As the three of them stepped out of the viewing room, still laughing about the silliness of the movie, Jenny finally began to talk about her concert that evening, to Ashley’s relief.

“Do you think Sister Hillary would mind doing my hair again, like she did at Christmas?”

“I bet she’d love to do it!” Brian said.

“Do you know if Brother Chad is in the Audio Lab?” she asked, turning to Ashley.

“Shall we go find out?”

“Yeah. And I was wondering... will you guys help me tonight? I don’t want to use my wheelchair.”

“Sure!” they both said at once.

When they arrived at the Audio Production and Editing Lab, Chad was there, staring at a screen full of Jenny’s music score, wondering what he was going to do with the last thirty seconds of the song if Jenny wasn’t able to finish the synchronizing.

“Hi, Jenny! Come on in, Brian and Ashley! How are you all? I’m very glad to see you guys!”

“We’ve been having fun,” Jenny said. “Would it be okay with you if I finished my song now? It won’t take long.”
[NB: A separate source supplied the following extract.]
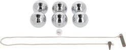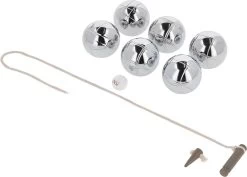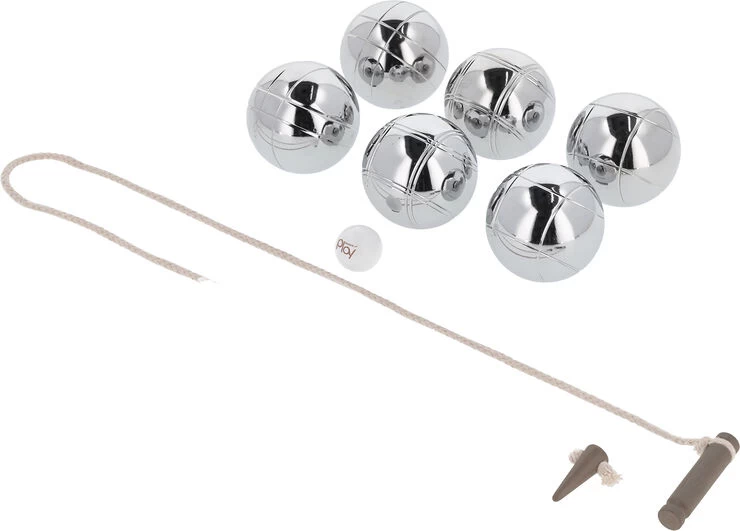 Spil det populære petanque i haven, i sommerhuset, på stranden eller til havefesten. Spillet består af seks metalkugler med tre forskellige mønstre og en lille kugle af træ. Trækuglen kaldes grisen, og det gælder om at kaste metalkuglerne tættest på grisen. Der medfølger en målesnor, spilleregler på dansk og engelsk samt en lækker pose til transport og opbevaring af spillet. Kuglerne er fremstillet af jern med en vejrbestandig nikkel-kromlegering, grisen af hvidbejdset gummitræ. Tør delene over med en fugtig klud efter brug og opbevar dem altid i tør og rengjort stand, så holder spillet længere og giver større fornøjelse.

“Of course you can! It certainly is beyond me. There are at least three different modes dancing around each other, and I think they are all coming back together, but for the life of me I don’t see how.”

Jenny giggled. “They all do. Where were we?”

“At about measure five eighty. Here it is...” He displayed the last section they had worked on.

“Would you play five fifty to five eighty?”

“Sure.”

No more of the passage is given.